### DATA EXTRACT:
◇ ◇ ◇ ◇

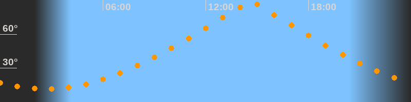 | Höchster Stand (Kulmination) | 14:38 Uhr (h = 89,7°) |
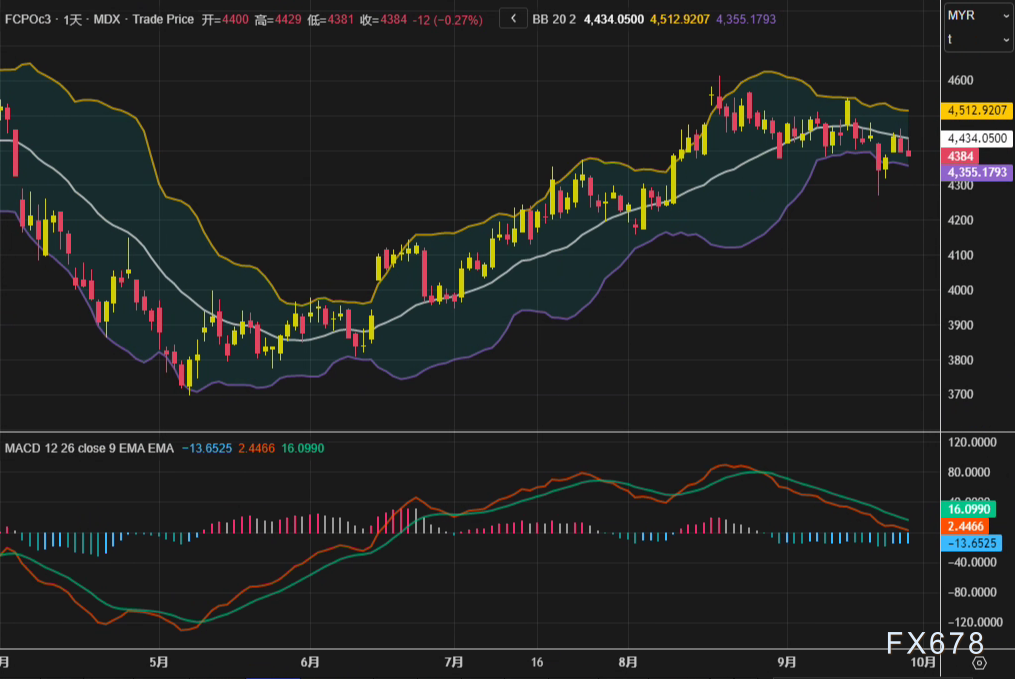 盈凯外汇官网报道——周一(9月29日),马来西亚衍生品交易所基准12月棕榈油期货合约FCPOc3未能延续反弹,在日内震荡后转而收低,最终报收于每吨4384林吉特,较前一交易日下跌12林吉特,跌幅为0.27%。这已是该合约连续第二个交易日收跌。从技术层面审视,日线图上,布林带轨道位于4355.18至4512.92林吉特区间,价格在中轨4434.05林吉特下方运行。MACD指标显示,下跌动能虽仍存在,但其柱状线有所收窄,暗示下行动力可能正在减弱。
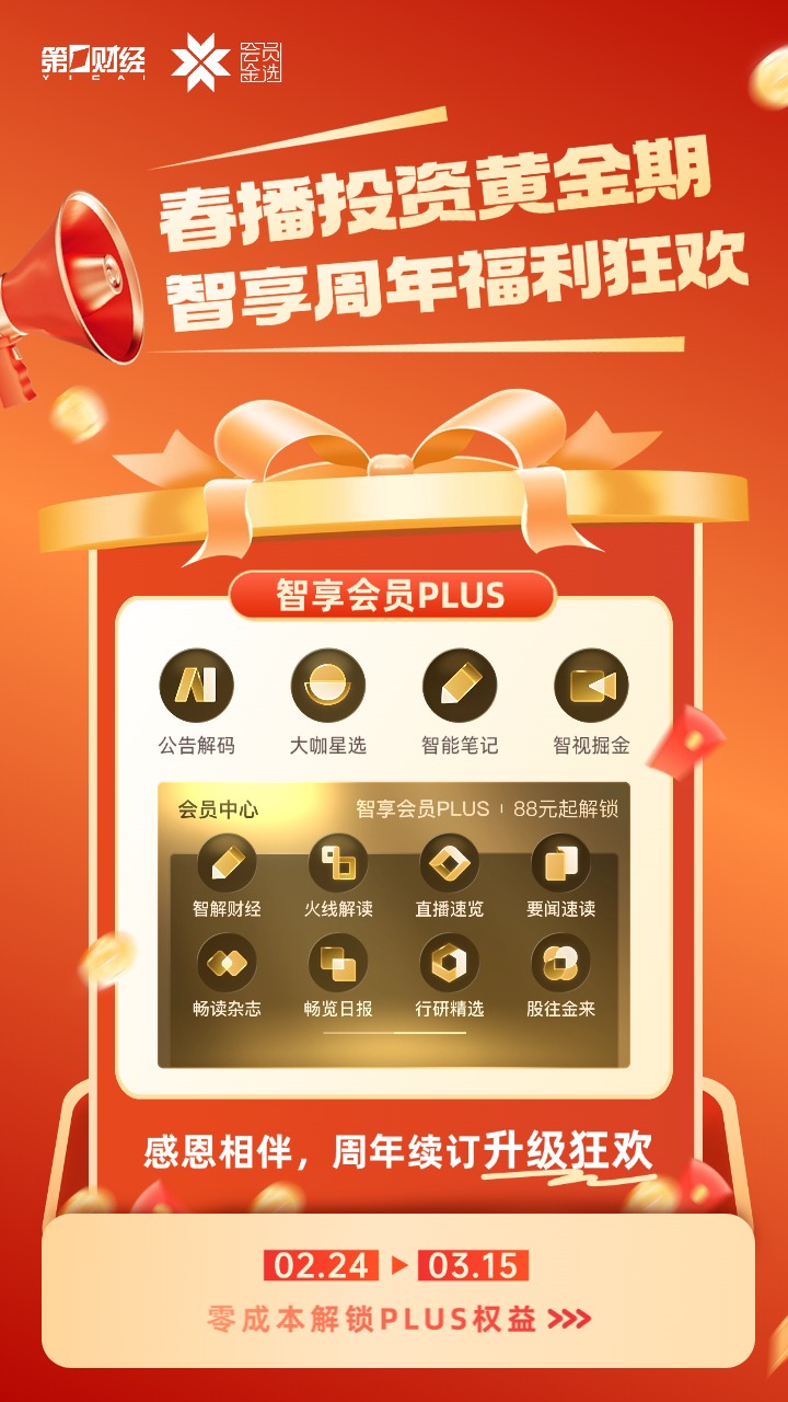 第一财经智享会员上线一周年庆典重磅来袭!专属福利火力拉满,老用户免费升级高阶权益,全周期助力抢占投资窗口,早锁定早获益,错过再等一整年!
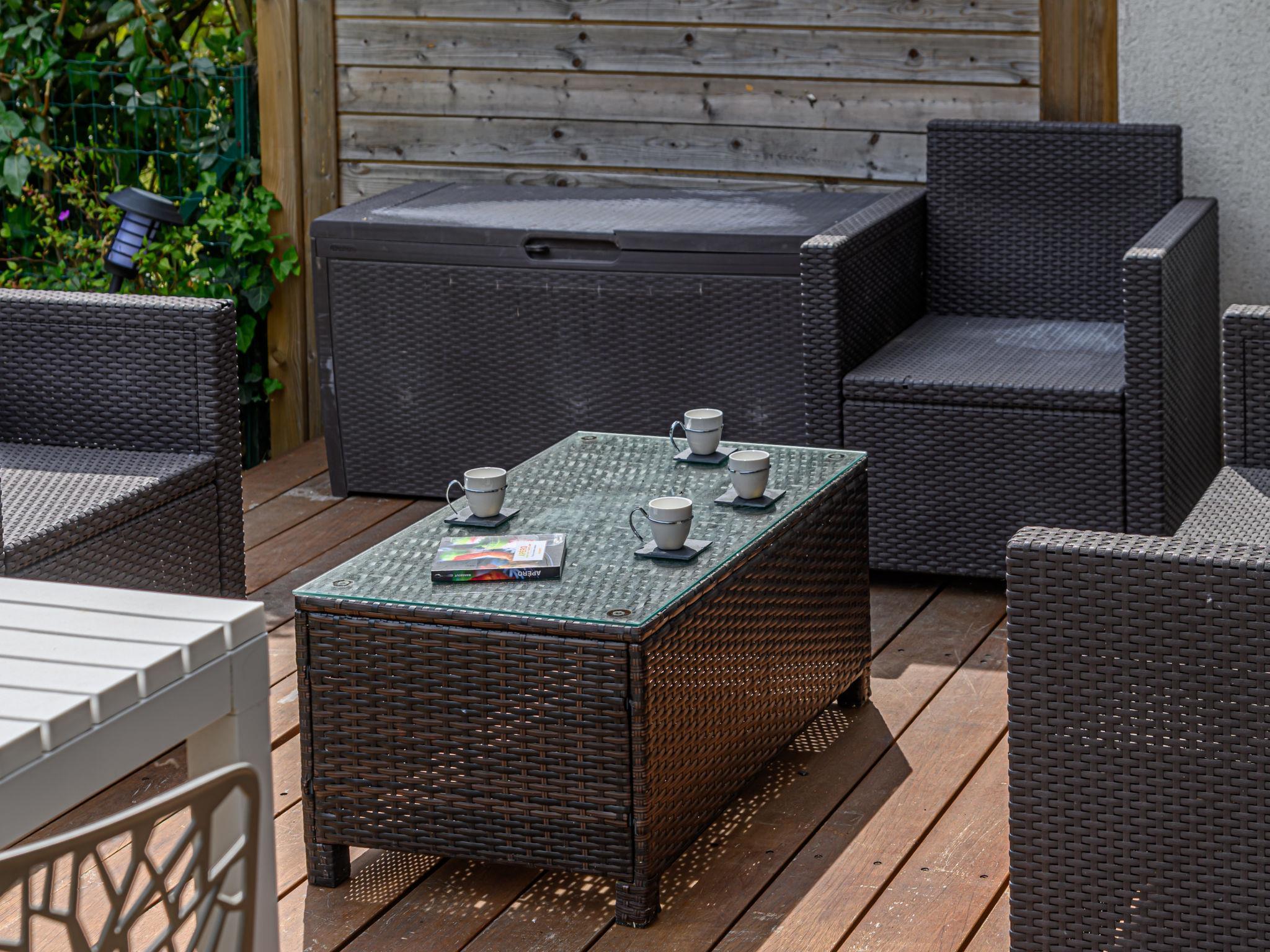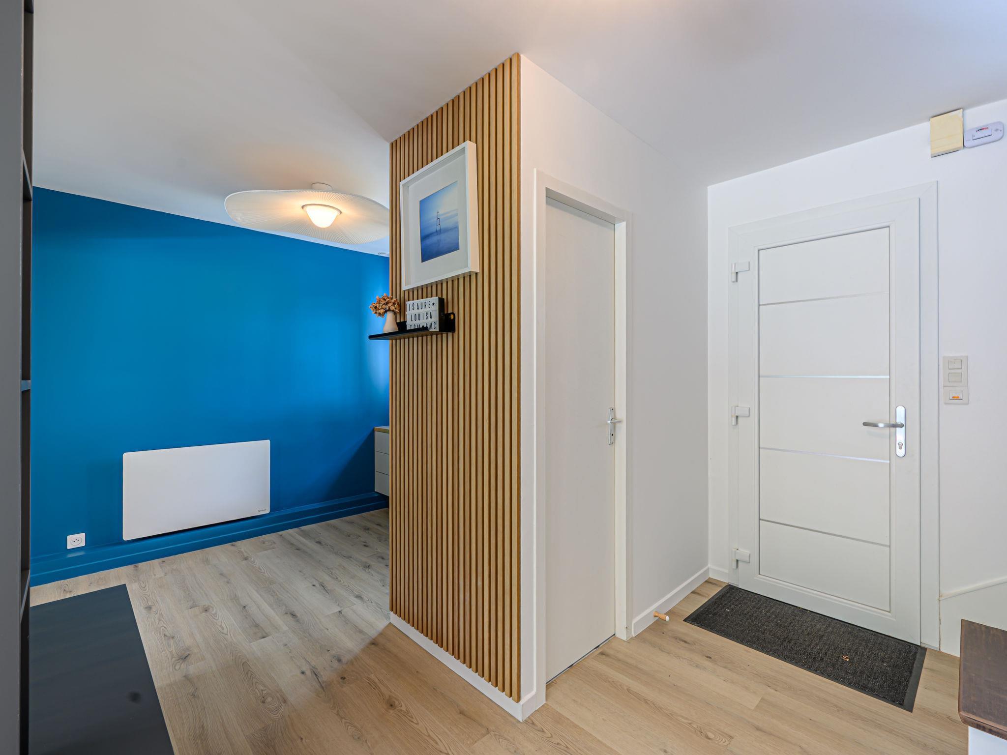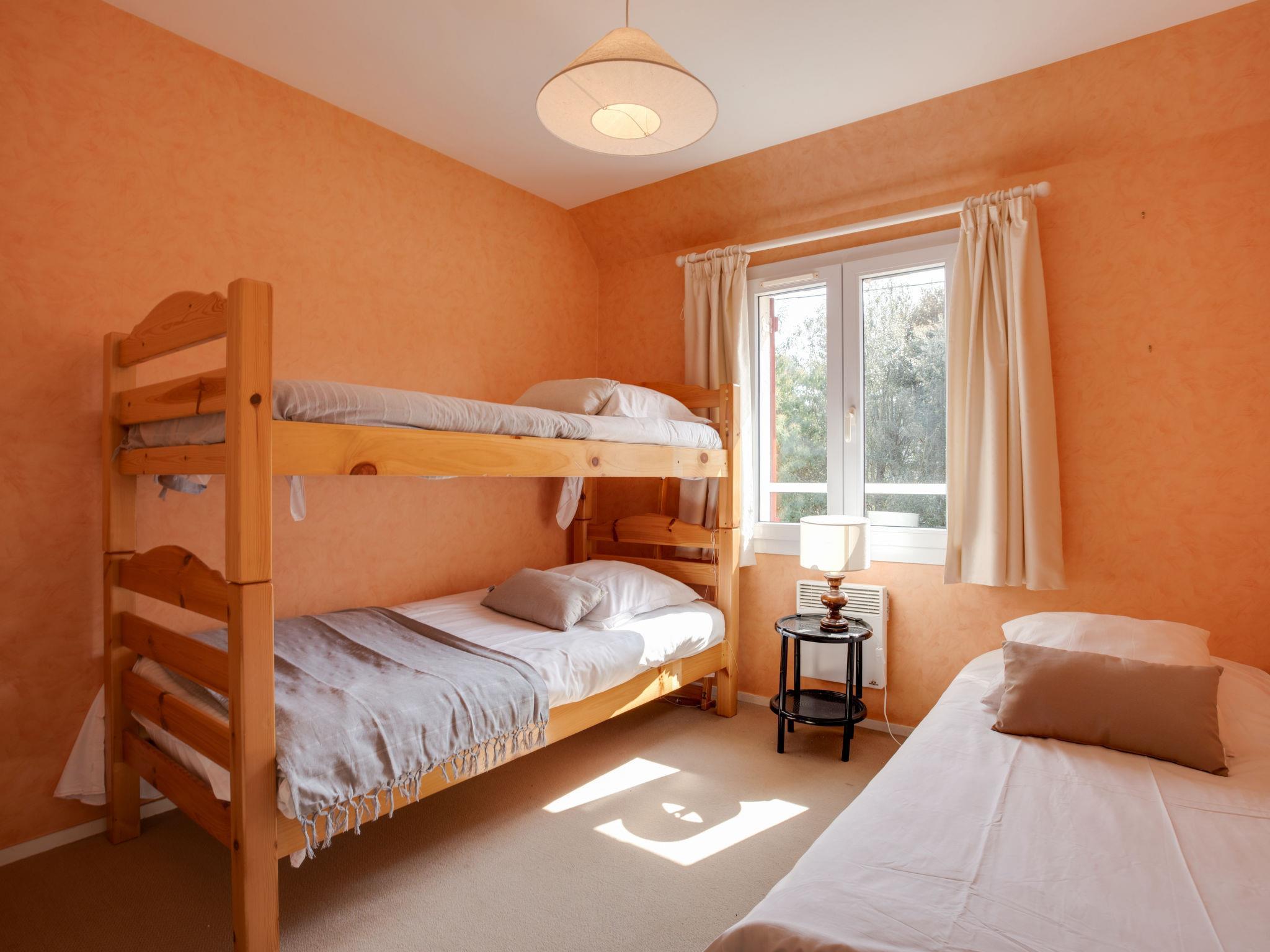Terraced house "Les Marines". In the resort 900 m from the centre of Carnac Plage, 130 m from the sea, 130 m from the beach. Parking at the house, single garage. Shop, grocery 900 m, supermarket 400 m, bakery 600 m, 5 minute walk to the centre, sandy beach "Grande Plage" 130 m, diving center 4 km, thermal baths "Thalassothérapie de Carnac" 1.3 km. Marina 4 km, golf course (18 hole) 15 km, surf school 6 km, sailing school 900 m, tennis 600 m. Nearby attractions: Les Alignements de Carnac 3 km, La Trinité sur Mer 4 km, Golfe du Morbihan 8 km, Quiberon 15 km, Vannes 35 km, Lorient 55 km.

◇ ◇ ◇ ◇

### WORK ORDER:
Keep every word of the lines above unchanged in the copy, and omit the pictures.

### OUTPUT FOR THIS EXERCISE:
 | Höchster Stand (Kulmination) | 14:38 Uhr (h = 89,7°) |
 盈凯外汇官网报道——周一(9月29日),马来西亚衍生品交易所基准12月棕榈油期货合约FCPOc3未能延续反弹,在日内震荡后转而收低,最终报收于每吨4384林吉特,较前一交易日下跌12林吉特,跌幅为0.27%。这已是该合约连续第二个交易日收跌。从技术层面审视,日线图上,布林带轨道位于4355.18至4512.92林吉特区间,价格在中轨4434.05林吉特下方运行。MACD指标显示,下跌动能虽仍存在,但其柱状线有所收窄,暗示下行动力可能正在减弱。
 第一财经智享会员上线一周年庆典重磅来袭!专属福利火力拉满,老用户免费升级高阶权益,全周期助力抢占投资窗口,早锁定早获益,错过再等一整年!
Terraced house "Les Marines". In the resort 900 m from the centre of Carnac Plage, 130 m from the sea, 130 m from the beach. Parking at the house, single garage. Shop, grocery 900 m, supermarket 400 m, bakery 600 m, 5 minute walk to the centre, sandy beach "Grande Plage" 130 m, diving center 4 km, thermal baths "Thalassothérapie de Carnac" 1.3 km. Marina 4 km, golf course (18 hole) 15 km, surf school 6 km, sailing school 900 m, tennis 600 m. Nearby attractions: Les Alignements de Carnac 3 km, La Trinité sur Mer 4 km, Golfe du Morbihan 8 km, Quiberon 15 km, Vannes 35 km, Lorient 55 km.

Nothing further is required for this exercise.